January 24, 2008 / 2:20 AM / 12 years ago

China's economy eases as exports slow

BEIJING (Reuters) - China grew 11.4 percent in 2007, the fastest pace in 13 years, but is headed for a modest slowdown this year as global demand weakens and credit curbs to cap inflation ripple through the economy.

A worker walks in a new five-star hotel construction site in downtown Shanghai, January 24, 2008. China's economy grew 11.4 percent in 2007, the fastest pace in 13 years. REUTERS/ Nir Elias

The softening was evident in figures issued on Thursday showing that annual gross domestic product growth eased to 11.2 percent in the fourth quarter from 11.5 percent in the July-September period and 11.9 percent in the second quarter.

“If economic growth sees a mild slowdown, that would be within our expectations,” Xie Fuzhan, head of the National Bureau of Statistics, told a news conference.

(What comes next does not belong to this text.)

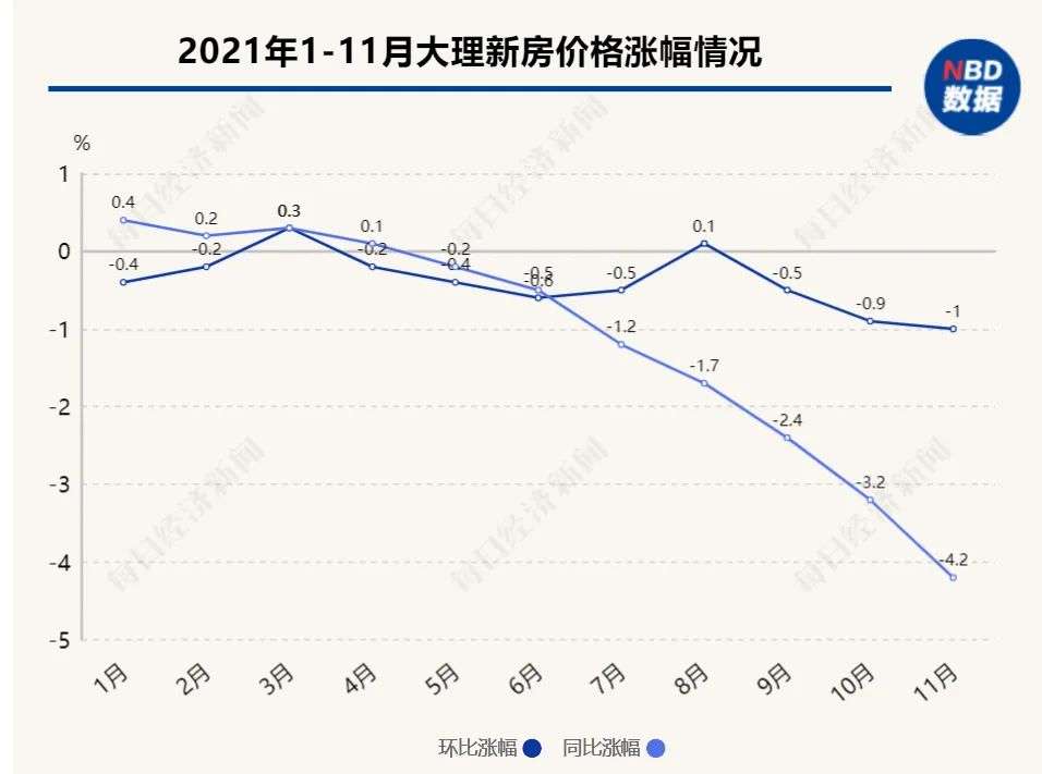 但自去年开始,大理新房价格由涨转跌。国家统计局数据显示,去年大理有3个月房价与前一个月持平,有4个月房价环比下跌,并从去年11月开始连续下跌,且房价降幅不断扩大。截至今年11月,大理房价同比下跌达4.2%。
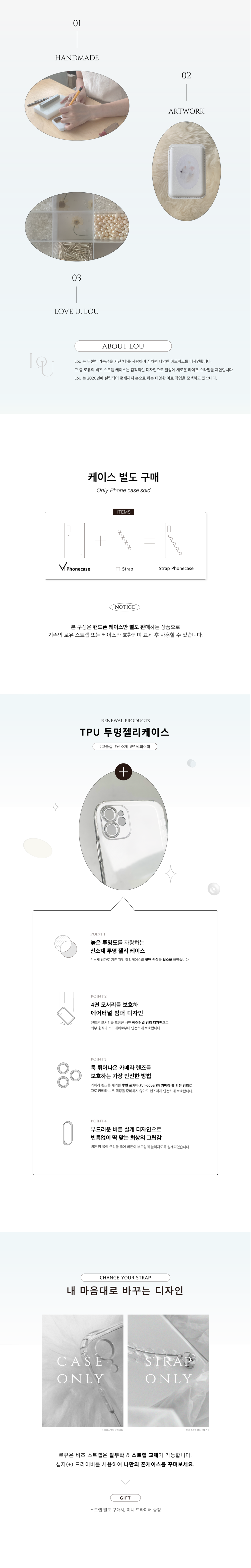 · 신소재가 첨가된 투명 케이스 → 황변현상방지 & 장기간 사용시 일어나는 변색을 최대한 늦추어 줍니다.

Still, 2007 marked the fifth consecutive year of double-digit growth for China, which is on course to overtake Germany as the world’s third-largest economy this year and is growing in importance as a locomotive for global growth.

“Average growth over the last five years has been 10.6 percent — that’s really extraordinary. The ups and downs each year have also been limited — that’s also extraordinary,” Xie said.

As global credit woes stemming from the U.S. subprime crisis drag down demand for China’s exports, which contributed about a third of last year’s increase in GDP, economists expect China’s growth this year to dip to around 10 percent.

That would match the average growth rate China has enjoyed since it embarked on market reforms in 1978 and would maintain its status as the world’s fastest-growing major economy.

If the economy slows more than expected, economists are in no doubt that Beijing will unwind some of the restrictive policies it has rolled out over the past year.

“China may relax its tightening after March if domestic consumption is not as strong as expected and if investment drops sharply,” said Zhao Qingming, an economist with China Construction Bank in Beijing.

The ruling Communist party, economists say, wants above all to avert an economic hard landing that could sap its legitimacy as it prepares to show off China to the world in August’s Olympic Games.


“I’m positive about China’s economy this year, Xie said. But he added: “The government could adopt a number of policies to offset the negative impact that could come from a slowing U.S. economy.”

Yet China is also wary of inflation, which has touched off social unrest many times in the past.

Although consumer price inflation slowed to 6.5 percent in December from an 11-year high of 6.9 percent in November, factory-gate inflation jumped to 5.4 percent from 4.6 percent.

“Even if there are no new price rises, the lagged effect of price increases in 2007 will by itself bring with it heavy inflation pressures this year,” Xie said.

This leaves China in much the same position as the European Central Bank: aware that it might need to ease policy to prop up the economy, but worried that inflation is above target.

“China definitely needs to tighten further to tame inflation,” said Song Guoqing, an economics professor at Peking University.

To cap inflation and prevent overheating, Beijing raised interest rates six times last year and gave banks blunt orders to lend less.

Alarmed by surging prices, the authorities this month also froze energy and transport tariffs and imposed temporary price controls on food — the fount of the latest spike in inflation.

“China will not relax its tightening, at least in the short term, as the growth rate is still on the high side and inflation is going up,” said Zhang Yongjun, a senior economist with the State Information Centre, a government think-tank in Beijing.

“But in the second half, if the economy keeps slowing down and inflation comes down, the tightening measures might be eased somewhat,” he added.